UH: Is that why you chose the form of a not-for-profit organisation for Ne pas plier?

GP: I don’t believe in an agency as a vehicle for creative professions. You are forced to make money out of your know-how and to repeat yourself. Most of the big graphic design agencies don’t have the objective means to do real research – they have to be able to pay their employees. At the moment, Ne pas plier doesn’t have any money. It is still financed by its members. In addition we get some small subsidies, or make alternative deals such as selling the copyright of a poster and at the same time getting a certain amount of printed copies. The local council rents us a huge workspace for almost nothing. However the real richness of the group remains the benevolent work of its members. But how can one pay for that? At the moment I spend about 25 per cent of my time earning my living and 75 per cent in Ne pas plier.

UH: How many members participate?

GP: The core of the group is about six to ten people; we can gather lots more participants and mobilise them for political agitation. And we have a network of about 800 correspondents (150-200 outside France) who receive our material and publications. Ne pas plier, being a multidisciplinary movement with a network, is much faster in reacting than Grapus, which was only a corporate movement of graphic designers.

UH: Ne pas plier has a division called L’Epicerie d’art frais [literally: the corner shop of fresh art] with stickers, postcards and booklets – pamphlets in visual or verbal form. What is its aim?

GP: The aim is to distribute the material in the streets to expand our movement. The origins of the material lie in our personal or professional work. When, for example, I did a booklet on AIDS and sexuality for the Centre de Culture Scientifique, I found its political quality sufficiently interesting to ask them for 2000 copies for the association. Or the stickers for receiving 30 Algerian orphans – I did the work for a local council and got ‘paid’ 10,000 copies. They are always small economical patchworks. As a graphic designer, it was relatively easy to get free copies of posters, stickers or postcards. It is maybe a little unjust for the photographers or architects among us, whose work is more difficult to multiply. Many people think Ne pas plier is about graphic design, just because printed matter is its most visible medium.

UH: The distribution and circulation of the material seems to be an important point of your concept.

GP: It is the act of distribution, not just the expression of the images, which makes them political. The quantities are important, too: if you can distribute 40,000 images there is a much greater effect than with, say, ten pictures. With ten images you might get into specialised magazines, you might be called an artistic progressive. But with 40,000, you are using a social, person-to-person approach to distribution. Where today’s print and audiovisual media distribute big quantities very quickly, the time it takes to put out images such as Utopiste debout [Upright Utopian] is more like two or three years. It is important to do this on a long-term basis: over time the meaning is ‘working’, too. Otherwise it would be just a show.

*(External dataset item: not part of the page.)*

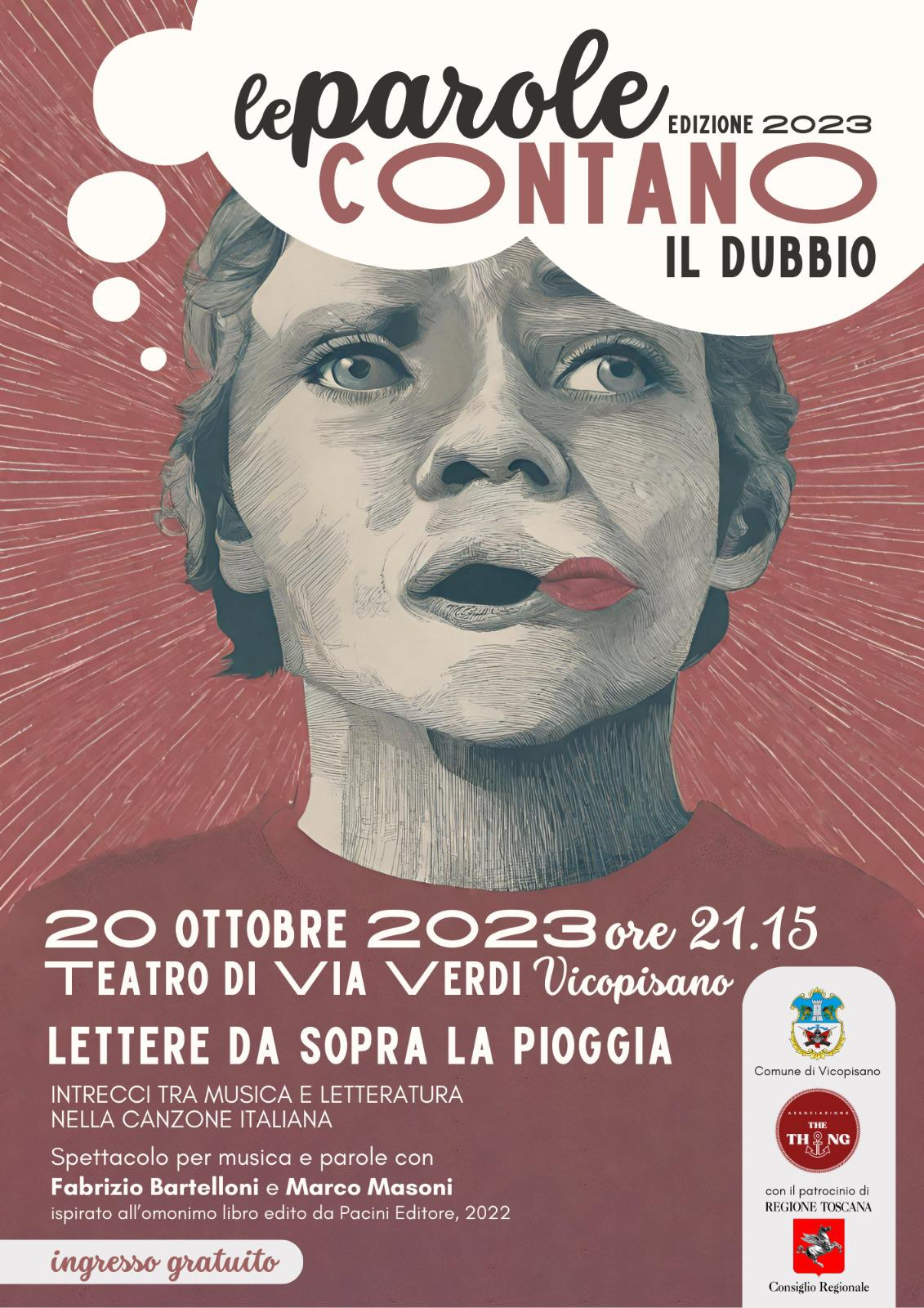 "Marco Masoni e io _ spiega l'autore Fabrizio Bartelloni _ porteremo in scena, per l'occasione, le nostre 'Lettere da sopra la pioggia'. Non si tratterà di una ordinaria presentazione dell'omonimo libro pubblicato da Pacini, ma di un vero spettacolo in cui tra racconto, musica e immagini approfondiremo alcuni dei più felici intrecci tra canzone d'autore italiana e letteratura."
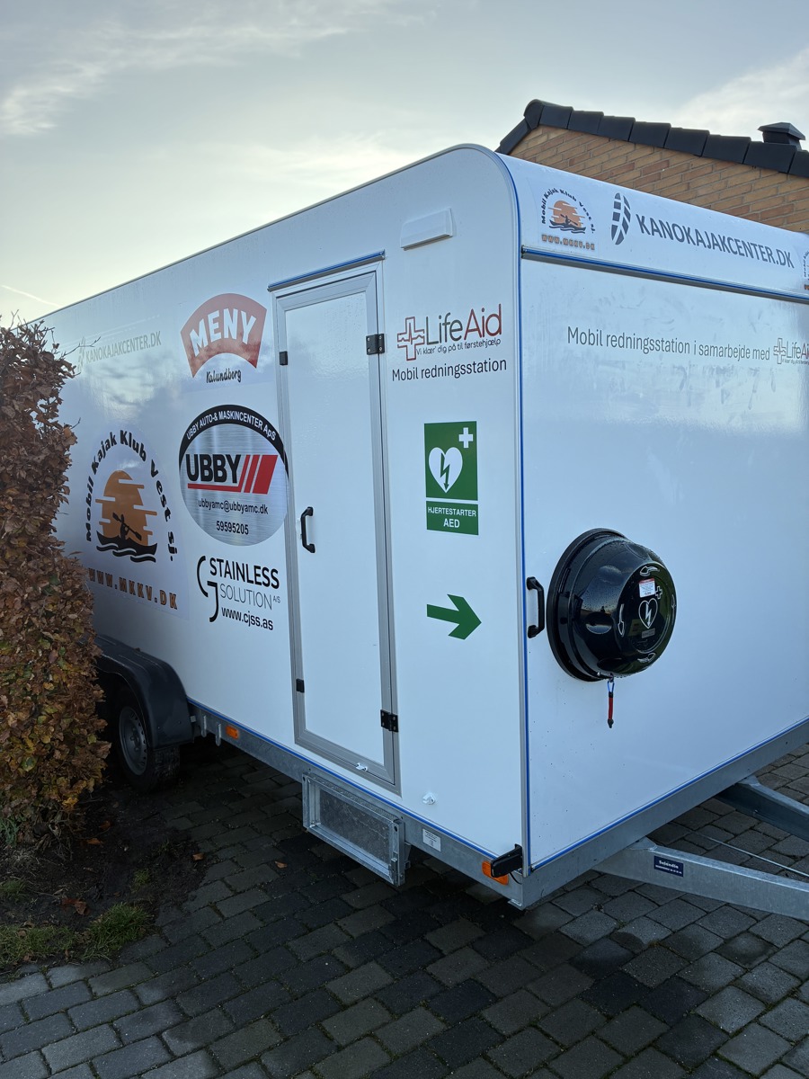 Hjertestarter og skiltning på plads på vores mobile klubhus, så nu fungerer det som mobil redningsstation i samarbejde med LifeAid.

UH: What are your other activities?

GP: We also have an experimental laboratory for educational issues. We collaborate with other, different associations in a scientific way. There are several research projects: for example we work with the city observatory and the group Grue [crane]. We meet in our workspace on the top of a building, from where we organise ‘urban walks’. The aim is to learn to perceive hidden aspects of the city. Over two years we have had about 3,000 children and adults here.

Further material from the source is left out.